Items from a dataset
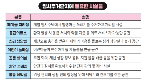 정리왕인 이 몸이 또 나설 차례인가? 수도와 전기 시설은 각 임시주택 내부에 마련돼 있을 테니까, 추가적으로 다음 시설들이 필요할 거야
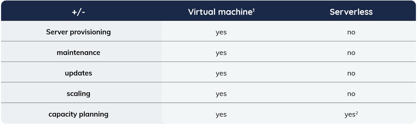 A number of time-consuming tasks are avoided here if serverless is chosen:
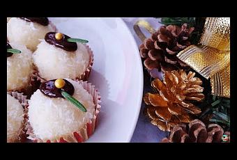 2.- Ponemos el coco restante en un plato y cubrimos las trufas con el coco rallado para hacerlas nevadas. Calentamos 1 minuto la nata en el microondas y fundimos el chocolate en la nata caliente. Ponemos una cucharadita de chocolate sobre cada trufa de coco. Decoramos cada trufa con una bola de caramelo y una hoja pequeña de menta o cualquier otra planta aromática fresca. Dispensamos cada bola en una capsula de repostería y las guardamos en la nevera hasta el momento de servir.
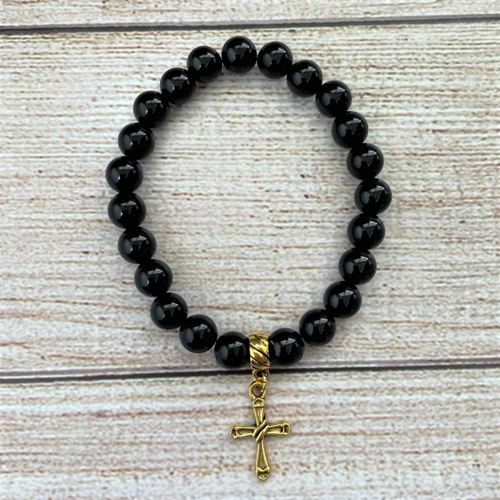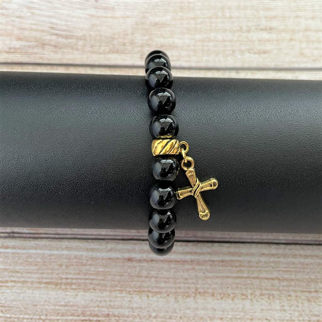 Black Onyx Mens Beaded Bracelet with Gold Cross Charm
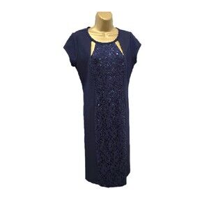 Cocktail Date Dress Womens 8 Sequin Lace Cut Out Short Sleeve Navy Blue Guest
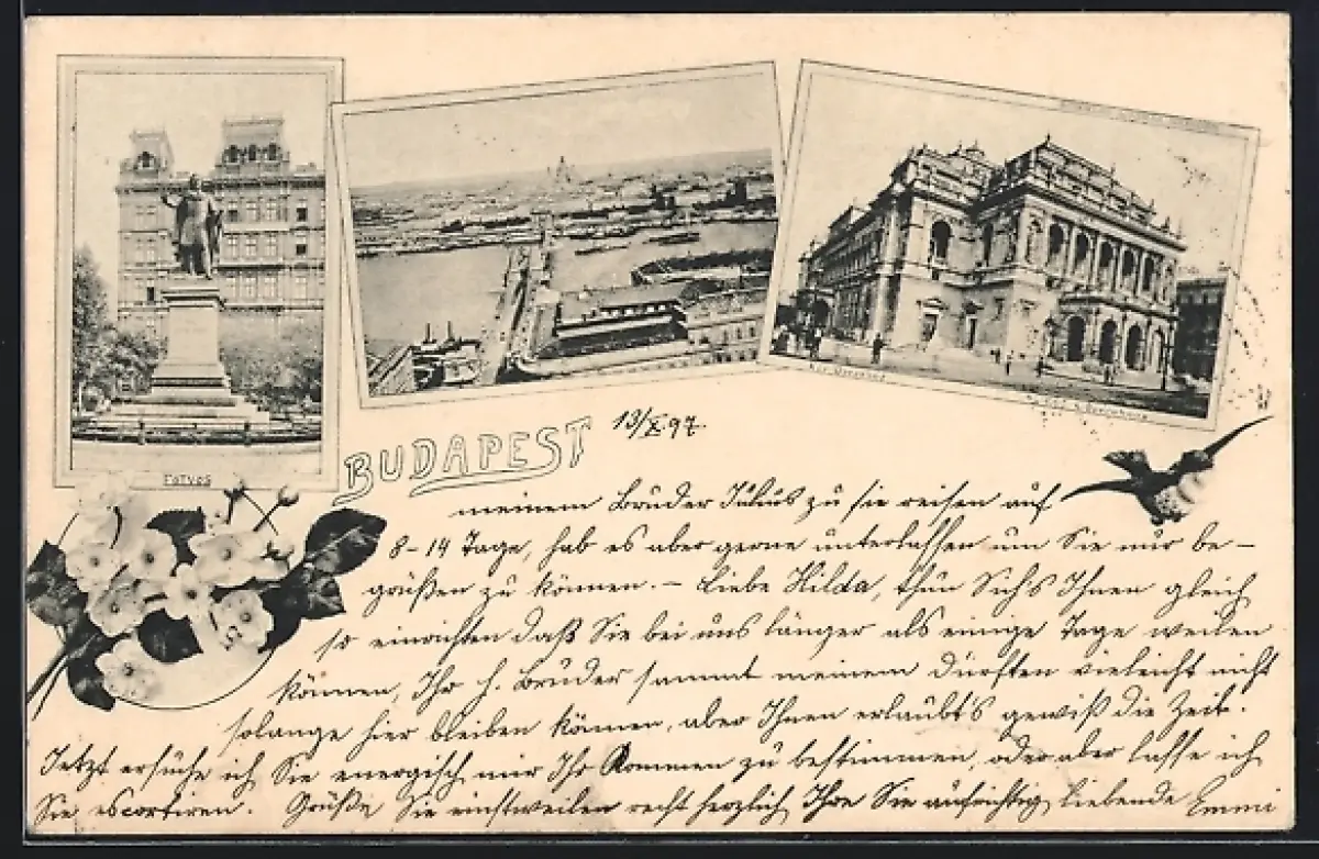 AK Budapest, Fötyös, K. Opernhaus, Teilansicht, Blumen, Schwalbe, Rahmen
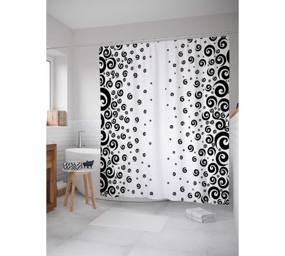 Сопутствующие товары для шторки-занавески JOYARTY Черные спирали из сатена, 180х200 см с крючками
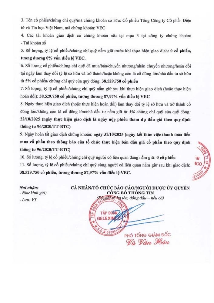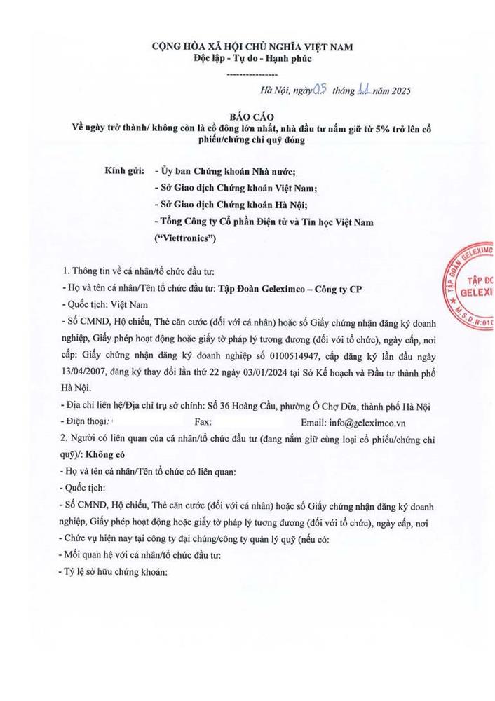 Miễn nhiệm chức vụ Tổng Giám đốc Viettronics đối với Ông Vũ Hải Vĩnh kể từ ngày 10/11/2025
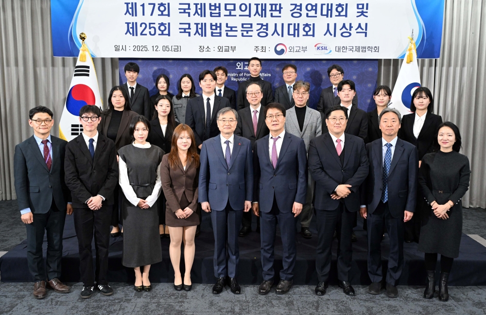 2025년 국제법 모의재판 경연대회와 국제법 논문경시대회 시상식이 12월5일 오후 외교부 청사 18층 서희홀에서 열렸다. 외교부와 대한국제법학회가 공동 주최한 이번 행사에는 조현 외교부장관과 박병도 학회장 등 학계 관계자들이 참석했다.
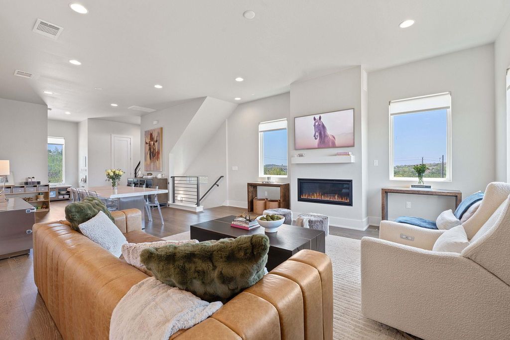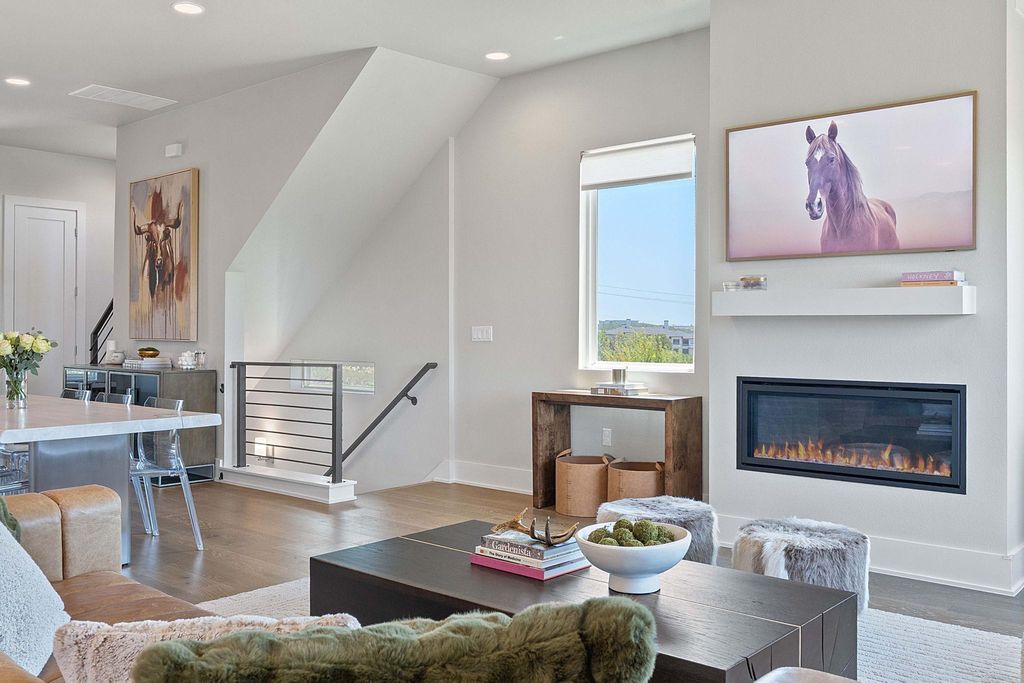 Ideally situated between the vibrant energy of downtown Austin and the natural beauty of the Texas Hill Country, this corner-lot home in the desirable Cayena Creekside community offers the perfect blend of style, comfort, and convenience. Step inside to an open floor plan designed to maximize space, with soaring 10-foot ceilings and wide-plank hardwood floors flowing seamlessly throughout. Abundant natural light fills the living spaces, complemented by a cozy gas fireplace that creates a warm, inviting atmosphere. Light-filtering Cora roller shades and window tinting enhance energy efficiency and maintain year-round comfort. The chef-inspired kitchen strikes the perfect balance of function and style, featuring stacked cabinetry, quartz countertops, a full-height backsplash, and a generous island framed by designer lighting"”all overlooking serene, lush green views. The primary suite is a true retreat, complete with a custom walk-in closet and a spa-like bath. Two additional bedrooms offer flexibility for family, guests, or a dedicated home office. Step outside to your private rooftop terrace and take in panoramic views of the Hill Country and Austin skyline. Down below, enjoy a low-maintenance backyard with premium, pet friendly turf, perfect for effortless outdoor living. Residents benefit from HOA-maintained front yards and access to private community trails"”all just minutes from downtown Austin, Zilker Park, and everything the city has to offer.
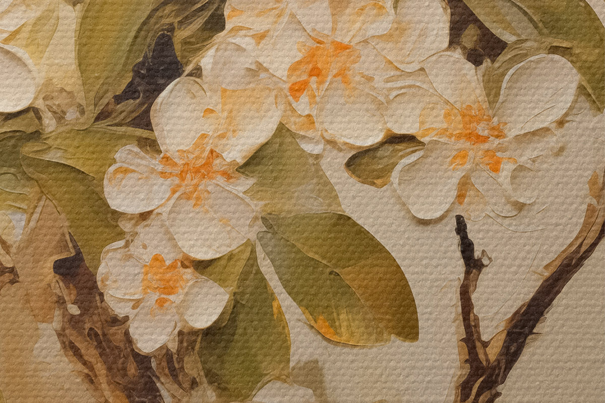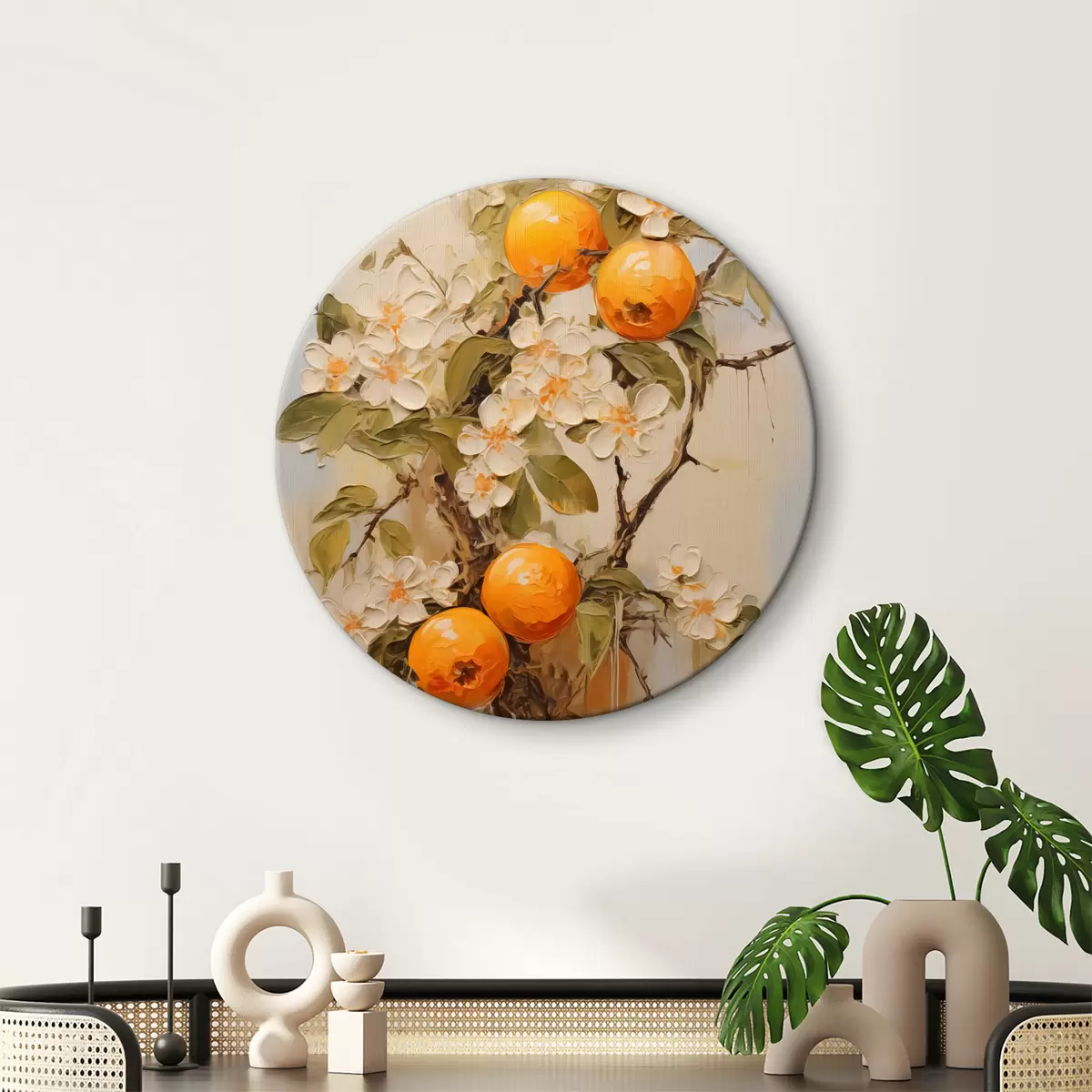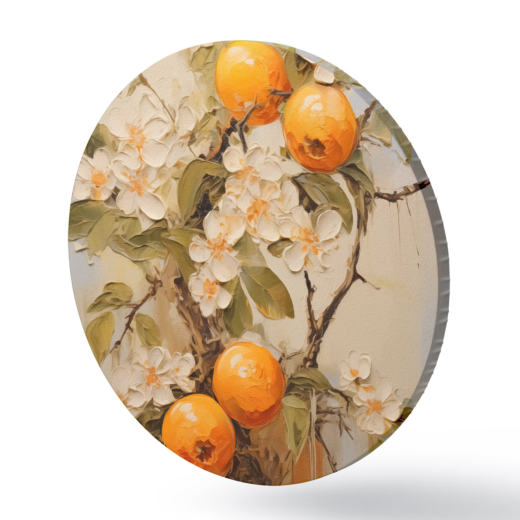 Pilt Valgete lillede ja apelsinidega oks hallikasbeežil taustal Nr r40486
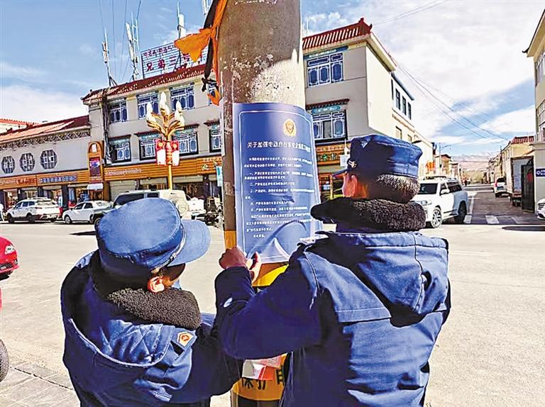 圖為噶爾縣消防救援大隊消防宣傳員在街頭巷尾張貼電動自行車消防安全海報。
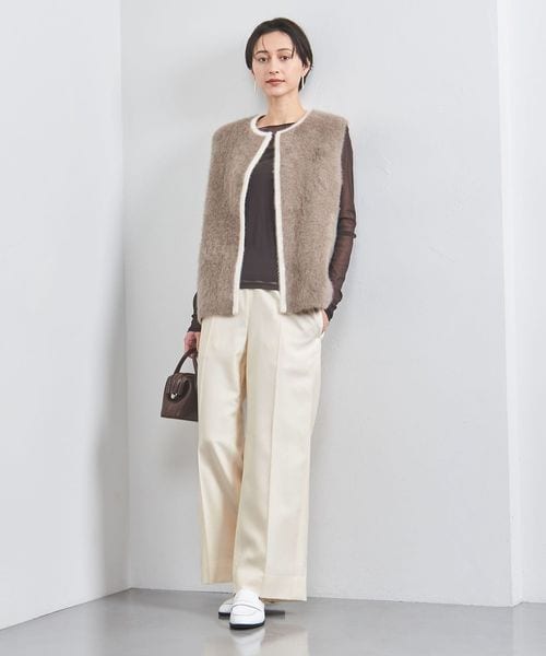 毛足の長いザックリとしたニットと合わせるのがおすすめです。
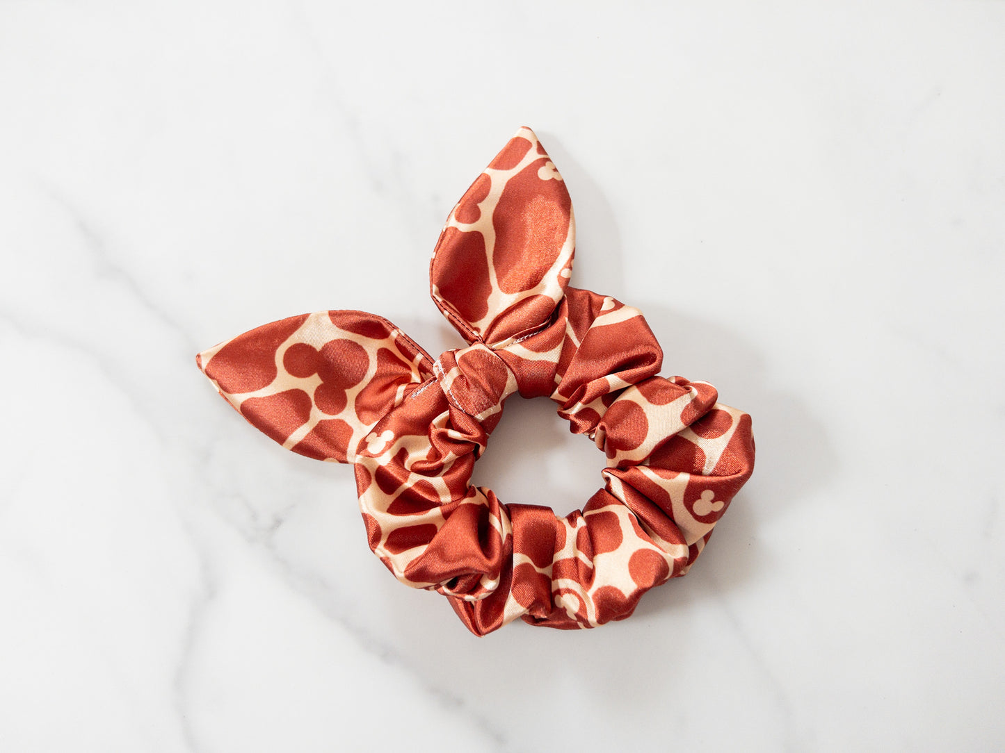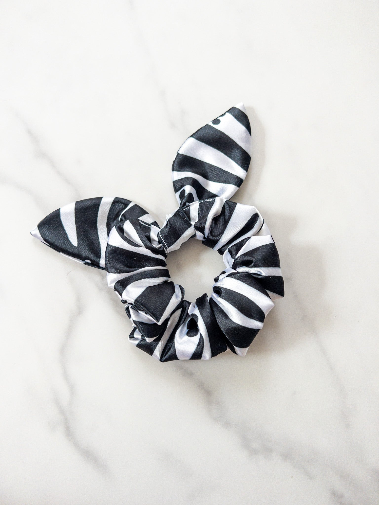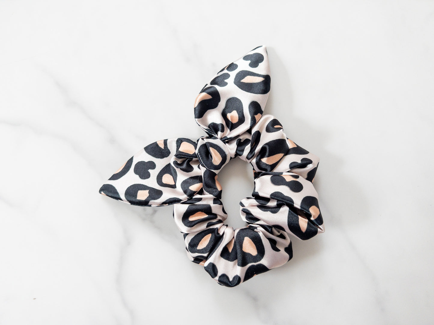 One (1) satin scrunchie with bow. Characters will vary on each individual scrunchie.
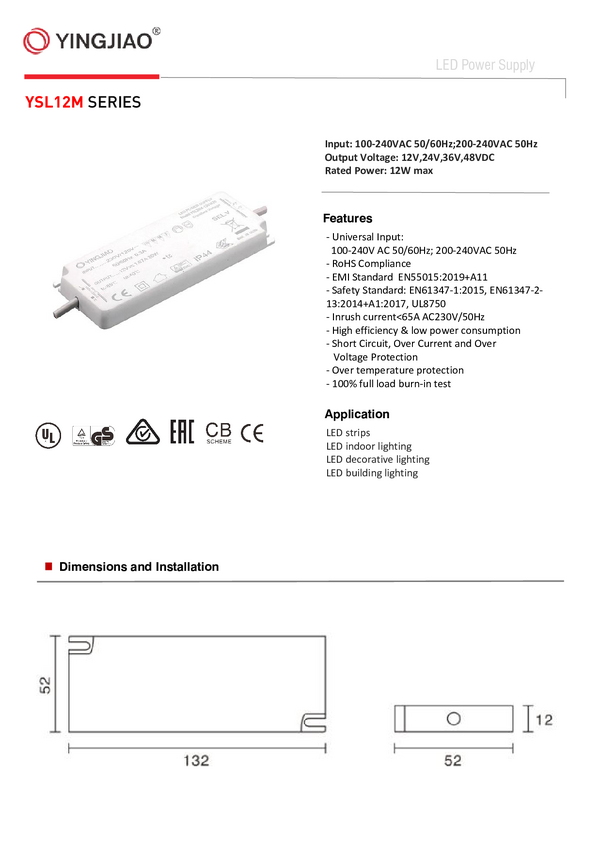 Zasilacz do oświetlenia LED płaski 24V 0,5A 12W YINGJIAO | YSL12M-2400500

■ Required work ■
Give the data above again, exactly, with every picture removed.

■ Solution to the exercise ■
 정리왕인 이 몸이 또 나설 차례인가? 수도와 전기 시설은 각 임시주택 내부에 마련돼 있을 테니까, 추가적으로 다음 시설들이 필요할 거야
 A number of time-consuming tasks are avoided here if serverless is chosen:
 2.- Ponemos el coco restante en un plato y cubrimos las trufas con el coco rallado para hacerlas nevadas. Calentamos 1 minuto la nata en el microondas y fundimos el chocolate en la nata caliente. Ponemos una cucharadita de chocolate sobre cada trufa de coco. Decoramos cada trufa con una bola de caramelo y una hoja pequeña de menta o cualquier otra planta aromática fresca. Dispensamos cada bola en una capsula de repostería y las guardamos en la nevera hasta el momento de servir.
 Black Onyx Mens Beaded Bracelet with Gold Cross Charm
 Cocktail Date Dress Womens 8 Sequin Lace Cut Out Short Sleeve Navy Blue Guest
 AK Budapest, Fötyös, K. Opernhaus, Teilansicht, Blumen, Schwalbe, Rahmen
 Сопутствующие товары для шторки-занавески JOYARTY Черные спирали из сатена, 180х200 см с крючками
 Miễn nhiệm chức vụ Tổng Giám đốc Viettronics đối với Ông Vũ Hải Vĩnh kể từ ngày 10/11/2025
 2025년 국제법 모의재판 경연대회와 국제법 논문경시대회 시상식이 12월5일 오후 외교부 청사 18층 서희홀에서 열렸다. 외교부와 대한국제법학회가 공동 주최한 이번 행사에는 조현 외교부장관과 박병도 학회장 등 학계 관계자들이 참석했다.
 Ideally situated between the vibrant energy of downtown Austin and the natural beauty of the Texas Hill Country, this corner-lot home in the desirable Cayena Creekside community offers the perfect blend of style, comfort, and convenience. Step inside to an open floor plan designed to maximize space, with soaring 10-foot ceilings and wide-plank hardwood floors flowing seamlessly throughout. Abundant natural light fills the living spaces, complemented by a cozy gas fireplace that creates a warm, inviting atmosphere. Light-filtering Cora roller shades and window tinting enhance energy efficiency and maintain year-round comfort. The chef-inspired kitchen strikes the perfect balance of function and style, featuring stacked cabinetry, quartz countertops, a full-height backsplash, and a generous island framed by designer lighting"”all overlooking serene, lush green views. The primary suite is a true retreat, complete with a custom walk-in closet and a spa-like bath. Two additional bedrooms offer flexibility for family, guests, or a dedicated home office. Step outside to your private rooftop terrace and take in panoramic views of the Hill Country and Austin skyline. Down below, enjoy a low-maintenance backyard with premium, pet friendly turf, perfect for effortless outdoor living. Residents benefit from HOA-maintained front yards and access to private community trails"”all just minutes from downtown Austin, Zilker Park, and everything the city has to offer.
 Pilt Valgete lillede ja apelsinidega oks hallikasbeežil taustal Nr r40486
 圖為噶爾縣消防救援大隊消防宣傳員在街頭巷尾張貼電動自行車消防安全海報。
 毛足の長いザックリとしたニットと合わせるのがおすすめです。
 One (1) satin scrunchie with bow. Characters will vary on each individual scrunchie.
 Zasilacz do oświetlenia LED płaski 24V 0,5A 12W YINGJIAO | YSL12M-2400500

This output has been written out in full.